The nation's third-biggest automaker said the net profit of 291.4 billion yen was up from 139.9 billion yen in the same period the previous year, while sales jumped 28.7 percent to 7.13 trillion yen.

However, it trimmed its net profit forecast to 370 billion yen for the year to March, down from a previous 375 billion yen.

This week Japan's biggest automakers -- Toyota, Nissan and Honda -- announced record sales for 2012, underscoring their recovery from the 2011 quake-tsunami that hit demand and production, while also highlighting strength in Asian and US markets.

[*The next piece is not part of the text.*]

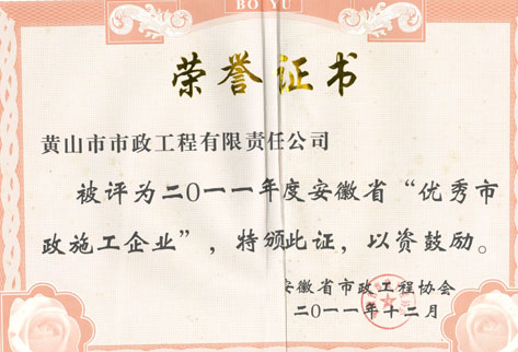 2011年度安徽省“優(yōu)秀市政施工企業(yè)”

Honda, Japan's number-three automaker, said it logged sales of 3.81 million vehicles for calendar 2012, up from 3.09 million in 2011.

That helped offset weakness in debt-hit Europe and a downturn in China stemming from a diplomatic row that sparked a consumer boycott of Japanese goods in China, the world's biggest vehicle market.

In October, Honda blamed the spat with Beijing, as well as a strong yen, for a 20 percent cut to its annual profit forecast.

The long-standing row flared in September when Tokyo nationalised some of a tiny East China Sea archipelago that is also claimed by Beijing, setting off huge demonstrations across China and the boycott.

Japanese factories and businesses across China temporarily closed or scaled back operations over fears of being targeted by angry mobs.

In a bright spot for Japanese manufacturers, the yen has weakened as a new conservative government swept to power with promises to fix the economy and press the central bank for aggressive easing measures.

Analysts say Japanese automakers would likely see a boost in their results as the weaker yen makes their products more competitive overseas and affects the value of income earned overseas.

"The recent yen depreciation is sizeable enough to allow major Japanese carmakers to boost profit," said Tatsuya Mizuno, auto analyst at Mizuno Credit Advisory in Tokyo.